Nursing homes must, upon admission, prepare a Federally required report which must include a written plan of care which describes the residents’ ability to function independently and their general capacity to operate without supervision.

Based on the results of this assessment, proper actions must be taken to determine what level of unsupervised access the resident should have to the outside on their own and the general need to supervise the resident.

Many elderly nursing home residents are unable to protect themselves from harm or mentally unable to appreciate their safety needs. Some of them are confused or suffer from some form of dementia. These individuals must be supervised more closely than other residents.

If a resident poses a high risk of wandering or attempting to leave the facility unsupervised, the nursing home has an obligation to have proper devices in place and sufficient staff to prevent wandering.

Sadly, not all nursing homes do this. When they do not, they may be liable for injuries which happen when they do not.

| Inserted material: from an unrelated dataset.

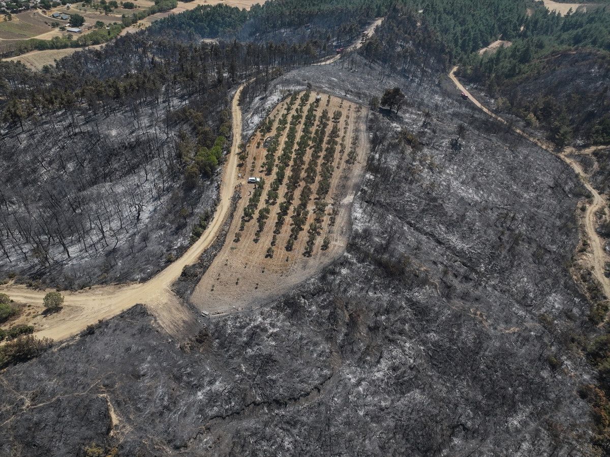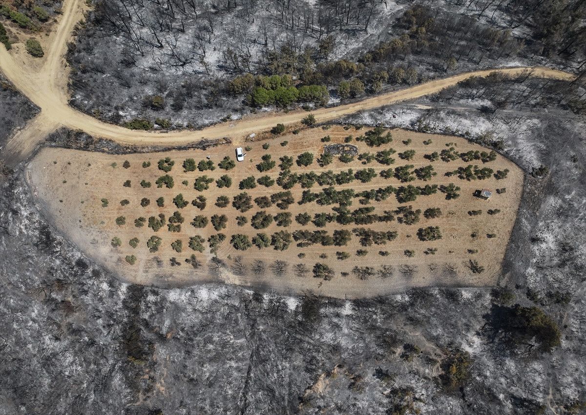 Zeytinliğin etrafındaki her yer küle döndü. Zeytinliğim ağaçların altı temiz, alanın sürülmüş ve bakımlı olması nedeniyle zarar görmedi. Sadece yangının sıcaklığı nedeniyle birkaç ağaç zarar gördü. Ormana yakın olan ağaçların bazıları hafif zarar gördü. Biz önceden önlemimizi almıştık. Sürdük, bakımını yaptık. Etrafı temizdi. Çevresi temiz olmasaydı tamamen yanardı, kül olurdu.

Failure to provide proper care could result in confused residents being placed in a position where they are helpless, lost and alone.

In many cases simple steps should be taken to reduce the risk of wandering off or elopement. Steps that should be taken include:

  • Use security cameras or have security staff to prevent elopement
  • Moving higher risk residents nearer to the nurses’ station
  • Have sufficient staff to monitor high risk residents
  • Lock the doors for sections of the nursing home where high risk wanders are housed
  • Place alarms or bells on doors

The nursing home staff also must be trained properly how to use and monitor any devices that are in place and respond correctly when a resident does attempt to elope or leave.